<h3>Week 2: Vector/Matrix form linear regression lab</h3>


#### Aims 

* Use `scikit-learn` to implement simple linear regression
* Practice general linear regression with polynomial and RBF on the Olympic 100m data


#### Tasks 
* Replicate Lab 1 results with `scikit-learn`
* Rescale our data
* Write functions to construct the design matrix, $X$, with polynomials and RBFs
* Computing least square solutions in both 
* Solve the same problem with more sophicated gradient descent (code provided)

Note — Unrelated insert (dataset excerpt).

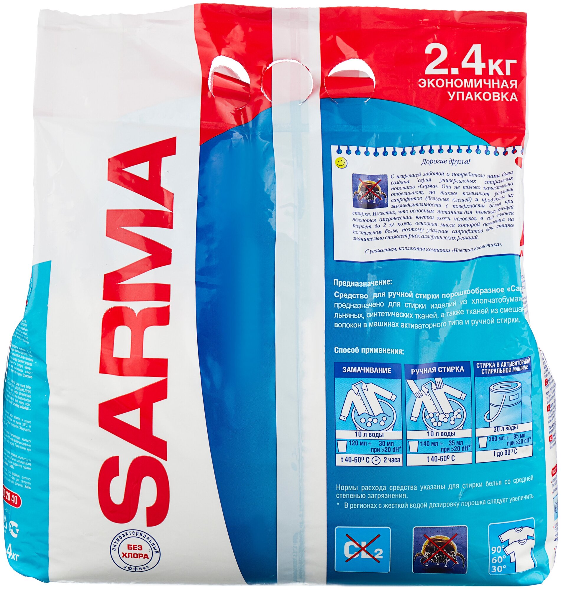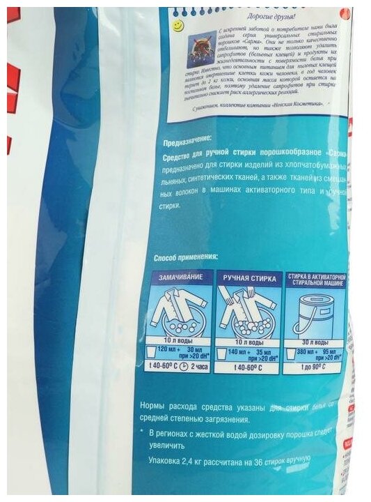Предназначен для стирки белого и светлого белья из хлопчатобумажных и синтетических тканей, а также вещей из смешанных волокон в машинах активаторного типа и вручную. Благодаря высокому уровню пенообразования эффективен при замачивании.

#### Task 1: Again, we start by loading the Olympic 100m men's data

In [None]:
import numpy as np 
%matplotlib inline
import pylab as plt

data = np.loadtxt('olympic100m.txt', delimiter=',') # make sure olympic100m.txt is in the right folder
x = data[:,0][:,None] # make x a matrix
t = data[:,1][:,None] # make t a column vector 

#### Task 2: `scikit-learn` is a widely-used library of ML algorithms. It implements linear regression as `sklearn.linear_model.LinearRegression`. Using this class, try to replicate your results from Lab Sheet 1.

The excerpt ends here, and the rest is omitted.